Fibonacci retracements can be applied to any candlestick chart irrespective of time scale. It is worth remembering though that longer-term charts paint a more thorough picture of the market trend. Long-term trends also represent significant levels of investment with more traders likely to be involved than a short-term chart. Fibonacci retracements can be used on charts with a shorter time scale but the levels of resistance and support are based on such minor changes and fluctuations that it is difficult to deduce significant trending patterns from them.
A Fibonacci analysis of a current up trending market will show the possible points where the currency pair could fall to. Fibonacci analysis of a down trending market will indicate possible points for the currency pair to bounce back up to. Previous points of consolidation should lie on one of the Fibonacci lines; this can be used to check the Fibonacci line analysis. Should the currency pair then clearly break the 61.8% line then it is considered that the trend being analysed has been broken.

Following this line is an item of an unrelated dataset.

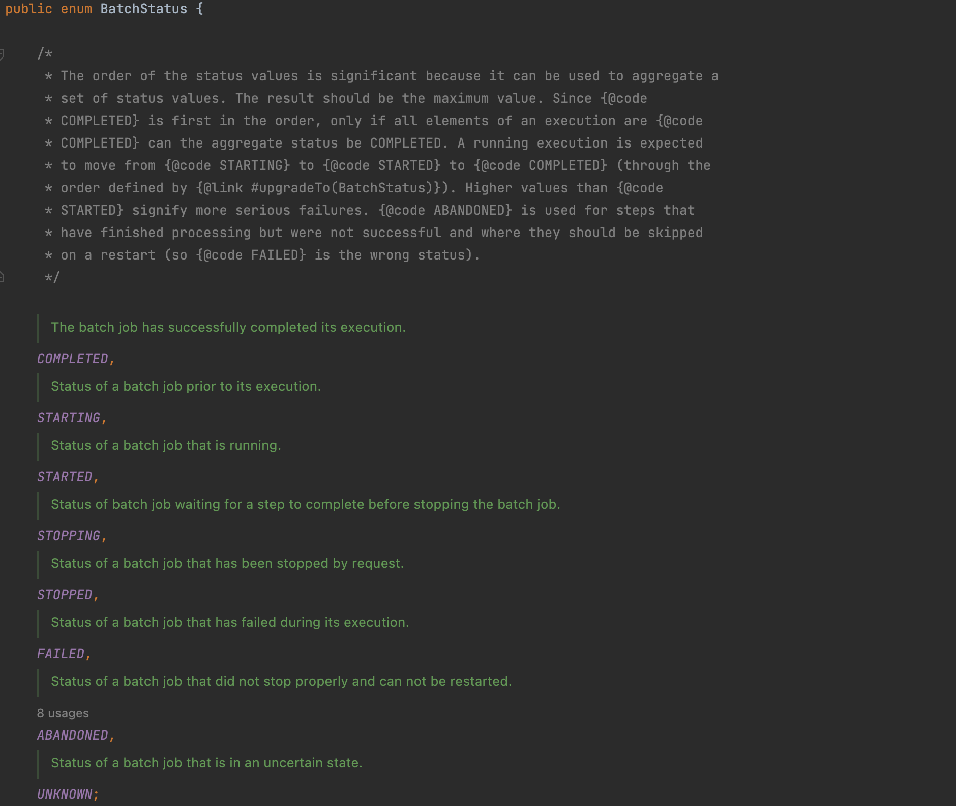 배치 애플리케이션의 경우 데이터가 너무 많아서 처리 중 실패가 나는 경우 실패한 지점부터 작업을 처리하거나, 같은 파라미티로 같은 함수를 실행할 경우 실행 여부에 따라 작업을 제어해야할 수도 있습니다.

Fibonacci analysis is a popular form of trader analysis, because it is so popular many cynics are inclined to disbelieve the Fibonacci analysis and regard it as a self- fulfilling prophecy. There is an element of truth in this, as many traders see the candles reaching the predicted point of support they may place a buy order. Other traders seeing the line of support becoming stronger also buy at that point, making the support line even stronger. The same is true when the currency pair is going short. Traders place sell orders at points of possible retracements where the pair is likely to bounce back up to, many traders all selling at that point will fulfil the Fibonacci analysis. This shows that there is some weight in the self-fulfilling school of thought, however without those lines of support and analysis tools in the first place there would be no indication of when to place an order making the initial analysis still valid and accurate.